¹Department of Otolaryngology-Head and Neck Surgery, Chang Gung Memorial Hospital, Kweishan, Taoyuan, Taiwan; ²College of Medicine, Chang Gung University, Taoyuan, Taiwan; ³Department of Plastic and Reconstructive Surgery, Chang Gung Memorial Hospital, Kweishan, Taoyuan, Taiwan; ⁴Department of Pathology, Chang Gung Memorial Hospital, Kweishan, Taoyuan, Taiwan; ⁵Molecular Medicine Research Center, Chang Gung University, Taoyuan, 33302, Taiwan; ⁶Department of Cell and Molecular Biology, College of Medicine, Chang Gung University, Taoyuan, 33302, Taiwan

*These authors contributed equally to this work

Correspondence: Kai-Ping Chang, Department of Otolaryngology-Head and Neck Surgery, Chang Gung Memorial Hospital & College of Medicine, Chang Gung University, No. 5, Fu-Hsing St, Kweishan, Taoyuan, 33305, Taiwan, Tel +886-3-3281200 ext.3967, Fax +886-3-3979361, Email [email protected]
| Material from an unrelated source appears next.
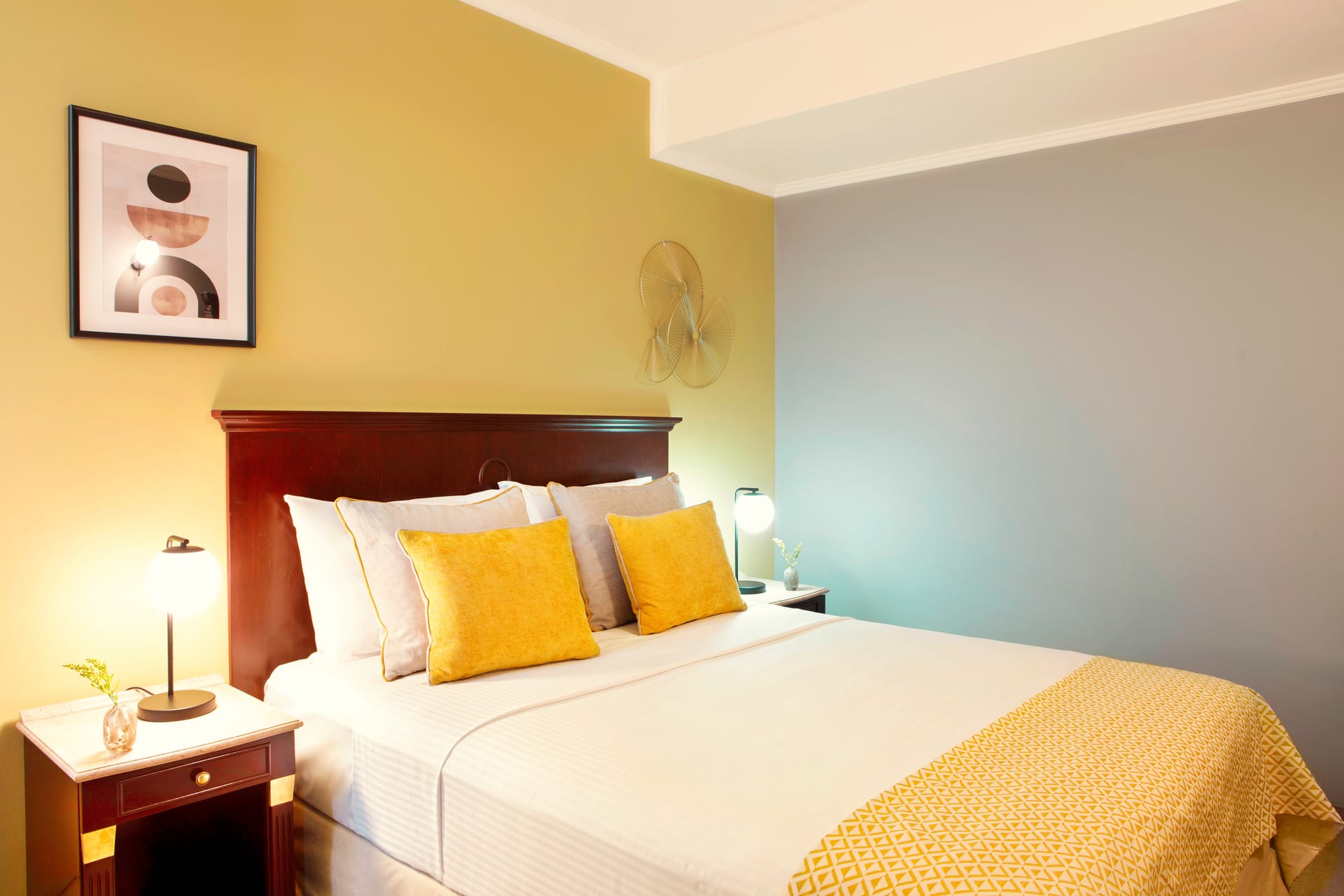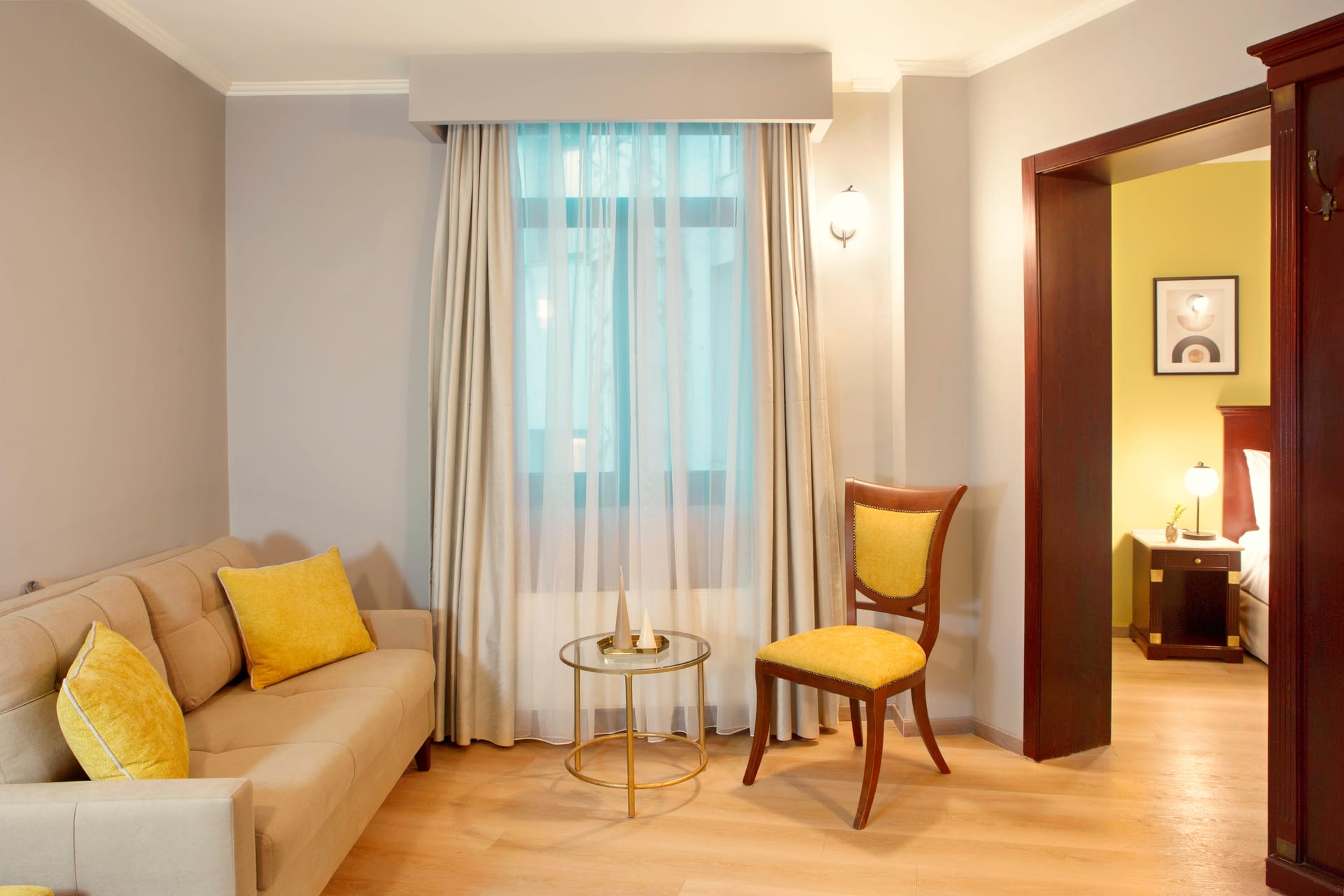 Welcome to a magnificent suite that puts you in touch with the old-world vibes along with today's living mode. A yellow and grey color schema adds a little more grace to the naturally enlightened spaces, while the antique décor takes you on a nostalgic journey. Moreover, a comfortable living area intensifies the relaxation feeling and heightens the welcoming ambiance of this suite.

Purpose: Plasma matrix metalloproteinase-1 (MMP-1) is a collagenase encoded by the MMP-1 gene. However, the prognostic value of plasma MMP-1 levels in oral cavity squamous cell carcinoma (OSCC) has yet to be elucidated. The study is the first to use a cohort of OSCC patients to assess the association of plasma MMP-1 levels with clinicopathological factors/survival outcomes in OSCC patients.
Patients and Methods: A total of 677 patients were retrospectively enrolled, including 276 oral potentially malignant disease (OPMD) and 401 OSCC patients from 2013 to 2021. Pretreatment plasma MMP-1 levels were measured with an enzyme-linked immunosorbent assay, and the values were compared between OPMD and OSCC patients. Furthermore, the association of plasma MMP-1 levels and clinicopathological characteristics/survival outcomes in OSCC patients was investigated.
Results: Plasma MMP-1 levels were significantly higher in OSCC patients than in OPMD patients (p = 0.04). In the OSCC group, plasma MMP-1 levels were significantly higher in females, tumor depth ≥ 10 mm, advanced pT classification and advanced overall stage (p = 0.04, < 0.001, < 0.001, 0.002, respectively). Higher plasma MMP-1 levels were significantly associated with poorer overall, disease-specific, disease-free, locoregional recurrence-free and distant metastasis-free survival (p = 0.003, 0.02, 0.005, 0.01, 0.001, respectively). Multivariate analysis revealed that plasma MMP-1 levels were a significant predictor for overall, disease-free, and distant metastasis-free survival (p = 0.03, 0.02, and 0.010, respectively).
Conclusion: Plasma MMP-1 levels are associated with more severe clinicopathological manifestations and can also be regarded as a significant prognostic factor for OSCC posttreatment outcomes.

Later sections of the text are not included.